Start of Block

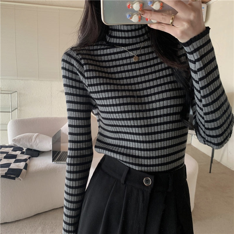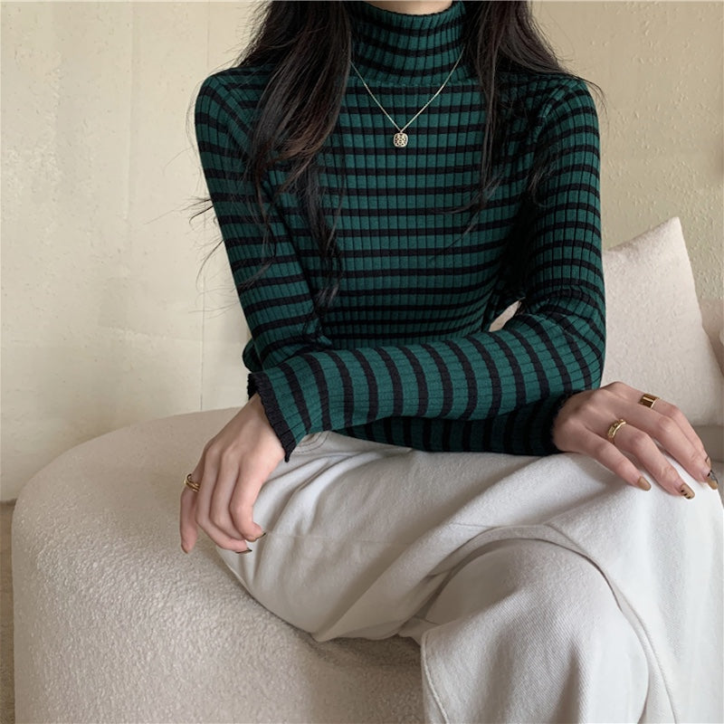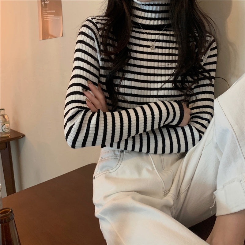 タートルボーダーリブニット
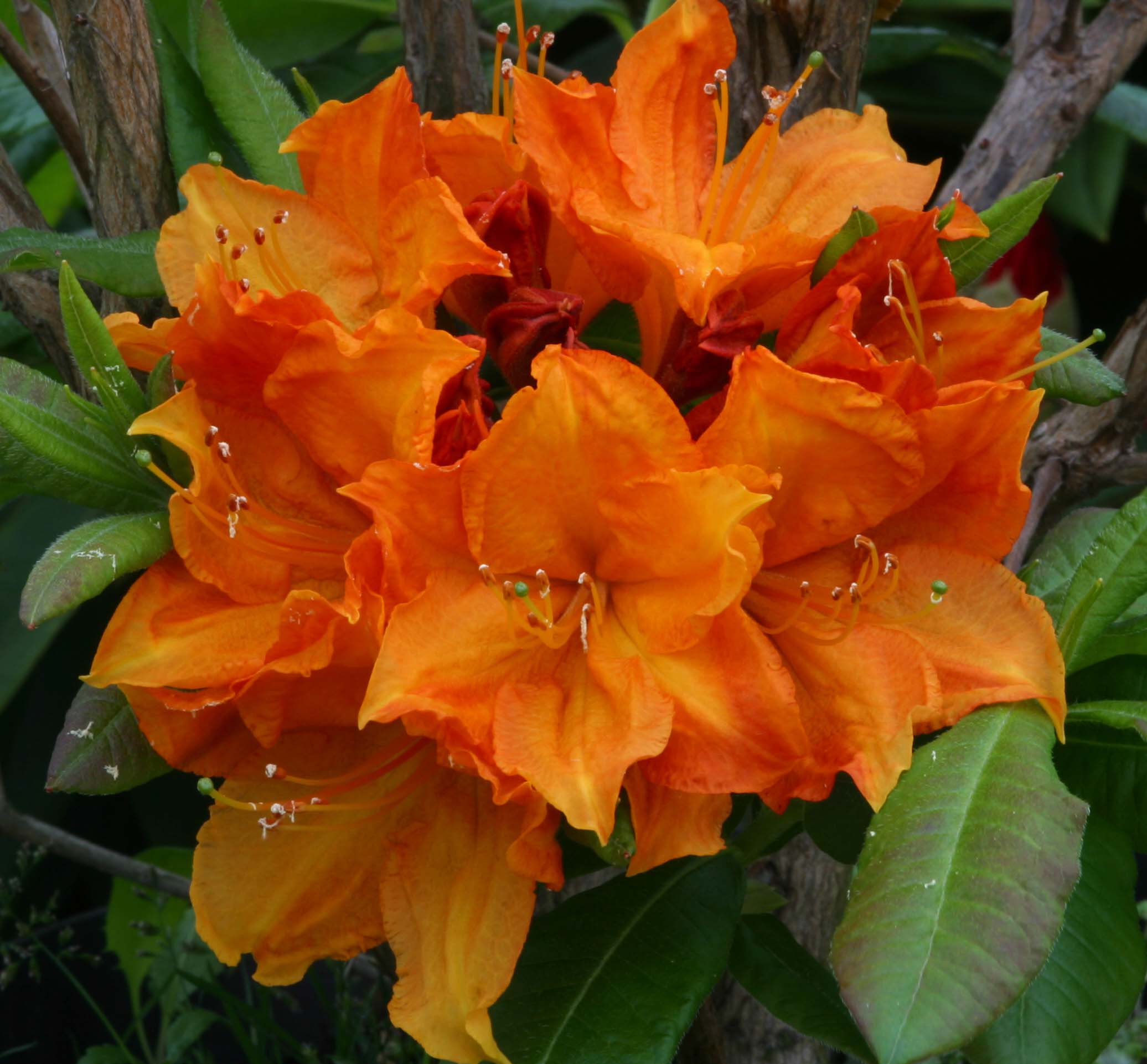 A medium sized deciduous shrub with coppery foliage, deep orange-red flowers are borne throughout May and June. Plant in an acid, woodland type soil, best in light shade. Height 4 to 5 feet.
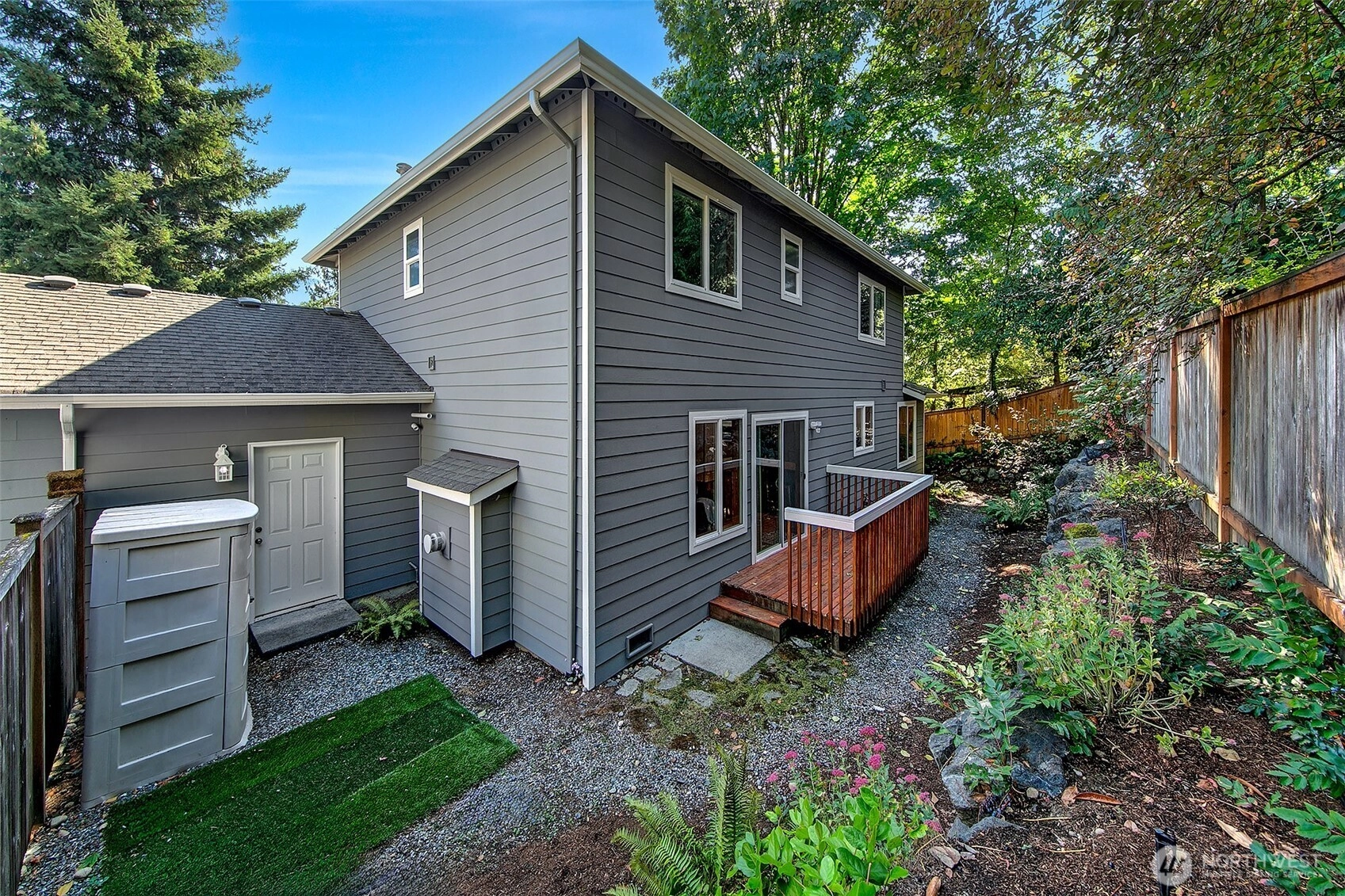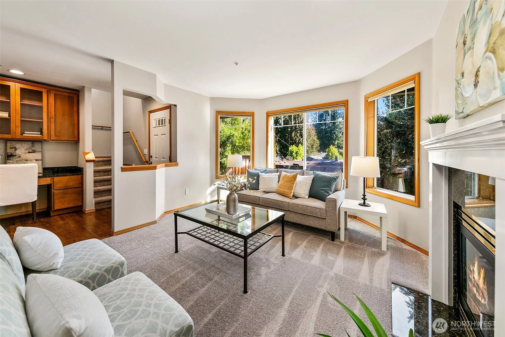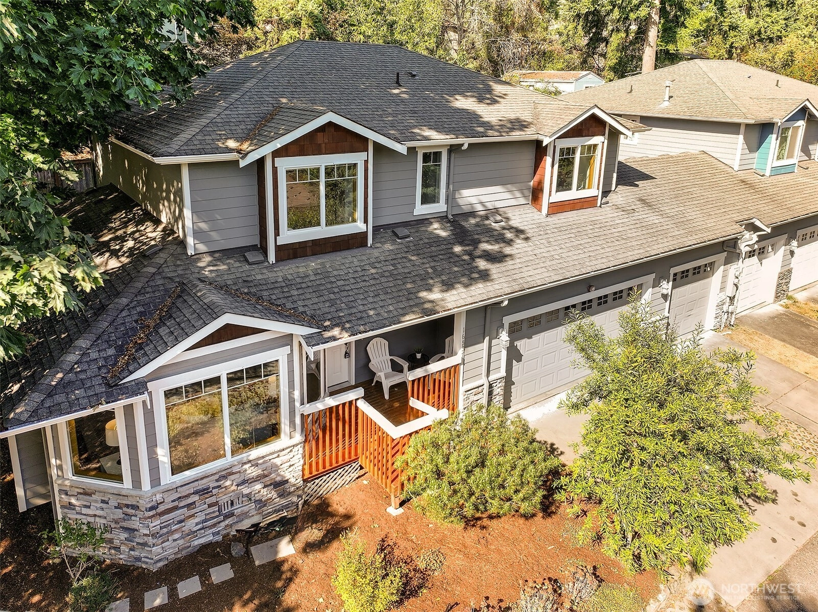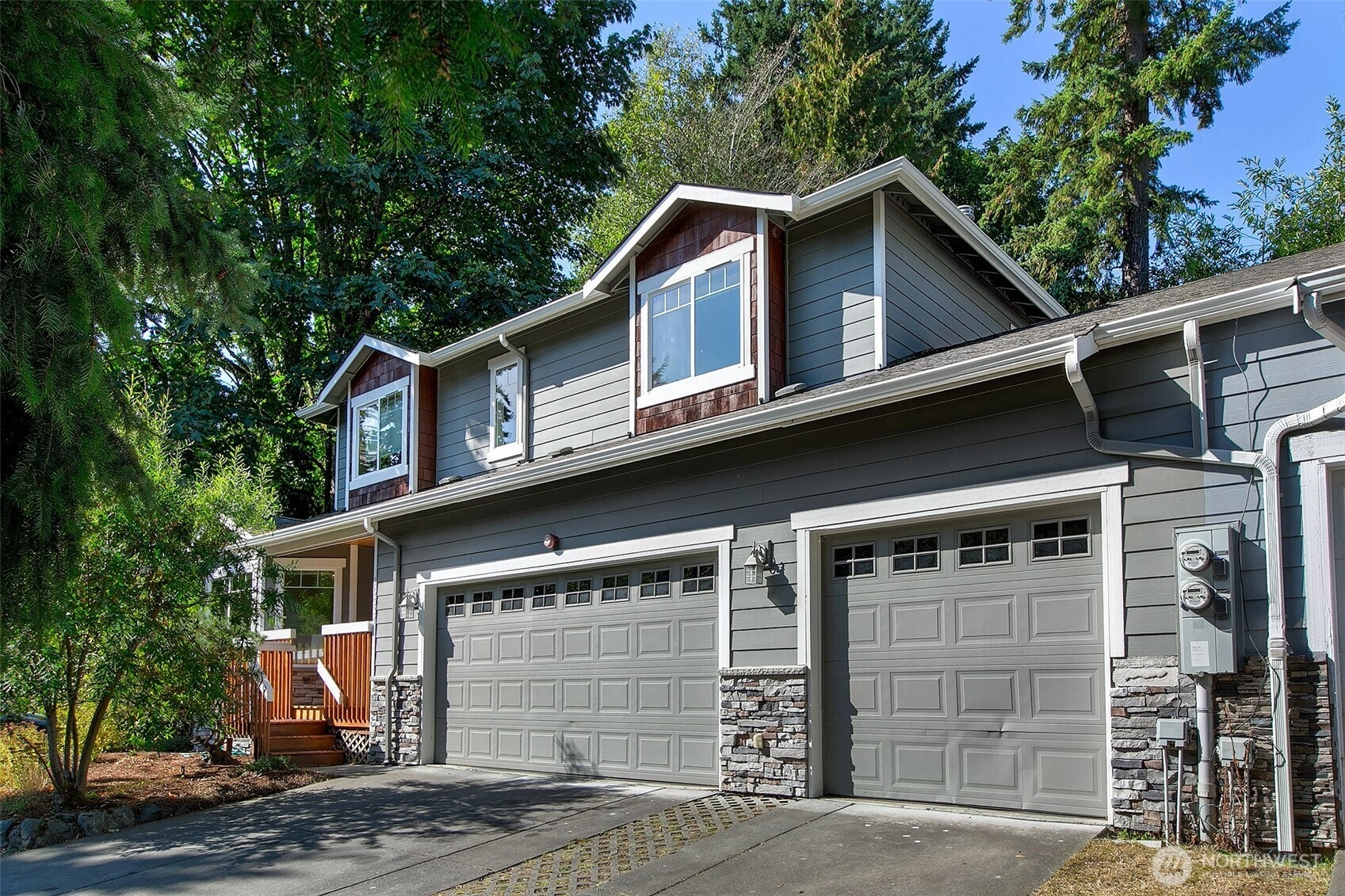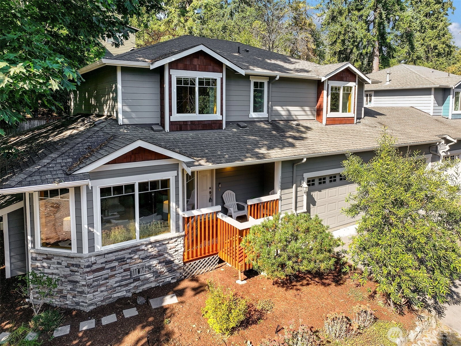 Lovely 2 story home- first time on the market! Amazing opportunity to own a 4 bedroom, 2.5 bath beauty with 3-car attached garage. Featuring fresh paint, flooring & lighting throughout. Formal living room with gas fireplace & formal dining room. All new kitchen with quartz counters, pantry & new appliances! Kitchen opens to spacious family room with 2nd gas fireplace & sliders that open to West-facing deck overlooking the private yard. 4 large bedrooms on upper level including primary bedroom with en-suite 5-piece bath & walk-in closet! Buffered by trees, fenced & quiet, yet close to popular Shoreline schools. Easy access to I-5 & in-between 2 Light Rail Stations. Short walk to shops, restaurants & Interurban Trail. Incredible opportunity!

End of Block

Pictures do not belong in the copy; repeat the rest of the listing exactly.

TASK ANSWER:
 タートルボーダーリブニット
 A medium sized deciduous shrub with coppery foliage, deep orange-red flowers are borne throughout May and June. Plant in an acid, woodland type soil, best in light shade. Height 4 to 5 feet.
 Lovely 2 story home- first time on the market! Amazing opportunity to own a 4 bedroom, 2.5 bath beauty with 3-car attached garage. Featuring fresh paint, flooring & lighting throughout. Formal living room with gas fireplace & formal dining room. All new kitchen with quartz counters, pantry & new appliances! Kitchen opens to spacious family room with 2nd gas fireplace & sliders that open to West-facing deck overlooking the private yard. 4 large bedrooms on upper level including primary bedroom with en-suite 5-piece bath & walk-in closet! Buffered by trees, fenced & quiet, yet close to popular Shoreline schools. Easy access to I-5 & in-between 2 Light Rail Stations. Short walk to shops, restaurants & Interurban Trail. Incredible opportunity!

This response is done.